In the 1990s in the UK, it was still common for power stations to have their own laboratories, often with the Rotating Pressure Vessel Oxidation Test (RPVOT, then known as RBOT) equipment; unsurprisingly, given the sheer volumes of lubricants in use for the turbines.
My first job in the UK in 1994 was as a technical support engineer for a portable particle trending device (the Pall PCM series) and later the Pall branded portable HIAC particle counters, which led to a new position supporting the Entek range of bench-mounted instruments that had been acquired as part of the acquisition of Diagnetics Inc.
This work also involved the development of online sensors, which I foresaw as the future of lubricant-focused reliability in the late 1990s. It was exciting to be at the forefront of developing technology and ideas in industries like power generation, mining, steel making, and even F1 motorsport, where portable tools and sensors were in demand.
New ideas and science combined to offer advances in instruments like the Laser Net Fines and the ability to progress techniques like Dielectric Spectroscopy and X-Ray Fluorescence Spectroscopy in a more cost-effective package.
Subsequently, I have often been involved with consulting in support of various types of oil analysis tools and instrumentation, as well as guiding reliability teams on the best approach to adopt in terms of oil analysis to suit their specific business needs.
What’s Your Oil Analysis Strategy?
It can be a minefield for a reliability engineer looking to develop a strategy for the company’s lubrication aspects of their condition monitoring. More to the point, what works for one industry or geographic location, does not necessarily work for another. Equipment type, the environment, geo-political issues, and financial justification will all present differing needs.
With so many companies now sub-contracting the condition monitoring, the sampling frequency and schedule are often the casualties of the price-focused contracts.
This approach ticks the box; oil analysis has been done, and that meets the Original Equipment Manufacturer (OEM) and insurance or legal compliance requirements, and lip service has been paid to reliability. Reports are seldom reviewed, and valuable, reliable information is lost.
As with any business running aspect, ownership must be internal, with the reliability team driving the process. As an employee of the company and effectively a shareholder or stakeholder in the organization’s success, reliability, and I include oil analysis as a tool to that end, cannot be sub-contracted.
Therefore, for any company looking to establish a meaningful oil analysis program in support of reliability, one of the earliest steps in setting this up is the sampling schedule necessary to determine the approach to oil analysis.
It is essential to understand what a reliability-driven oil analysis program can offer. The first thought for most is the predictive focus; when to change the oil and what is happening regarding the wear debris. The proactive aspects are often ignored or overlooked, that is, the root causes, whether the oil condition or the contamination levels.
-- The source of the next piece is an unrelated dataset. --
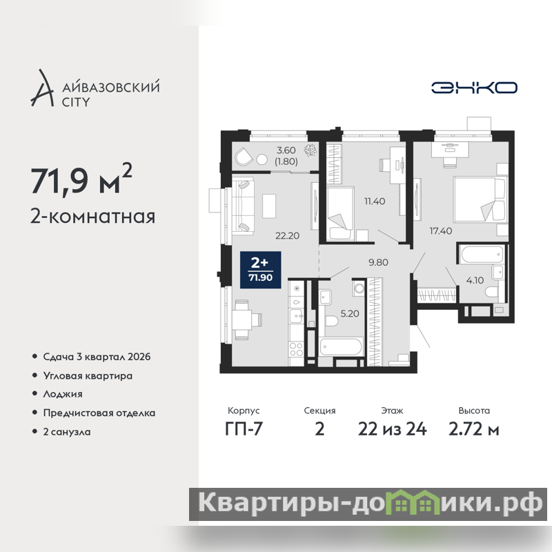 2-комн. квартира от застройщика с предчистовой отделкой в ЖК "Айвазовский City" на 22 этаже. Общая площадь: 71.9 кв.м., жилая: 28.8 кв.м., площадь просторной кухни-столовой: 22.2 кв.м. Угловая квартира, идеально подойдет любителям тишины и панорамных видов. В квартире одна лоджия, два совмещенных санузла. Высота потолков 2.72 м.
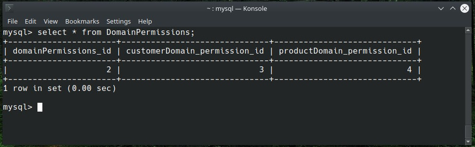 But an important thing is if a new subclass (domain) creation occurs in the future, a new null column will add to the “DomainPermissions” table and all of the before rows will mark at this column as null, this is an unwanted situation, so I had to pay attention for potential null pointer exceptions and Data Integrity. To prevent this I rearrange the DomainPermissions class and define a DEFAULT Constraint per domain such as:

Table 1. explains the role that oil analysis can play and the possibilities regarding the sampling schedules.
This then sets the scene for oil analysis and, more so, the sampling schedule. It is immediately apparent that it is more than just a case of stating that we need to sample every three months, as I often hear.
There will be a mix of:
- Routine sampling at a determined frequency relevant to the machine type,
- Exception sampling for when any of the condition monitoring feedback highlights a situation moving to a predictive focus,
- Ad-hoc sampling for any situation where re-design requires information on which to make sound decisions.
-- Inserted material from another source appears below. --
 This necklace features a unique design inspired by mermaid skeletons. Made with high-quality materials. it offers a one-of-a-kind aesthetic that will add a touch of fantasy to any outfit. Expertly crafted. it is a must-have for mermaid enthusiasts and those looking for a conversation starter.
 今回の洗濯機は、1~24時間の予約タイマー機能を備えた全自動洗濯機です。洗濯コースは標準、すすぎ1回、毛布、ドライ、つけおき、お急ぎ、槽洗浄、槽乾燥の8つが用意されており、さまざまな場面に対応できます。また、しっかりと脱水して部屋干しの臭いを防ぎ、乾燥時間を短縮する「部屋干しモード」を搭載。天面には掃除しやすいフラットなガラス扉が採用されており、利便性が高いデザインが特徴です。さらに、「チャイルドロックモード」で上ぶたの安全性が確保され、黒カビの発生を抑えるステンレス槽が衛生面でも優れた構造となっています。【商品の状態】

Routine sampling at a fixed frequency is and must be subject to change based on several possibilities:
- Potential economic penalties for failure to deliver on time (client determined)
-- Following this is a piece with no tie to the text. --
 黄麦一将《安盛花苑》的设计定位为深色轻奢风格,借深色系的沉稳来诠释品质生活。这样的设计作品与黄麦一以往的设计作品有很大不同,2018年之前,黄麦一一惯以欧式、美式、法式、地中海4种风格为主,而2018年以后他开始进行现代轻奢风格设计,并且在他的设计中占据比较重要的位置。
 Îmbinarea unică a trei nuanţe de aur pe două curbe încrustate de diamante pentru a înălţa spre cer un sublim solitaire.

- Criticality reasons that may change (criticality – life, environment, and cost)
- Operational loading (production determined based on the level of business)
- Ambient conditions (seasonal or weather-based)
- Machine age (Reliability Bathtub Curve for mechanical systems)
- Lubricant age (particularly on large volume systems)
- Servicing (maintenance determined)
The establishment of a sampling schedule is, therefore, complex. However, to establish the routine sampling schedule, the list of assets to be sampled must first be determined.
This will include the following factors:
- Those assets already considered to be of the highest criticality,
- Assets with volumes of oil more than 25L or where the volume, and hence the cost of planned oil changes, exceeds the cost of sampling,
- Assets where other condition monitoring technologies are not possible,
- Assets that have a history of poor reliability.
Most OEMs, oil suppliers, and laboratories will advise a recommended sampling interval varying industrial machine types, either based on running hours or calendar months.
With some industries, sampling intervals based on running hours may lead to variations in the calendar intervals, but this is one of the reasons the laboratories like to have the running hours when a sample is submitted to normalize the data to produce more meaningful trends on the wear rates, as well as any information on oil changes and top-up oil volumes that also need to be considered in terms of the trend of the result.
Obviously, the more critical the industry, the tighter the sampling, as is the case for the aviation industry and similarly for the likes of the nuclear power industry or any other industry with high health, safety, and environmental criticality levels.
The recommendations from OEMs, oil suppliers, and laboratories are a useful starting point given that they have broad experience, either in the number of clients with similar units or from the supplier side with respect to Research and Development and ongoing monitoring. But these are generic and do not consider the individual needs of each asset. Therefore, several guides are available to adjust these intervals based on the factors mentioned above to ensure complete coverage.
However, the intervals are all based on the idea that there are typical failure patterns for each of these machine types. The rate at which these develop will determine the sampling interval to ensure that the indicators or early warning signs are noted before failure occurs. This is where the traditional P-F interval plays a role.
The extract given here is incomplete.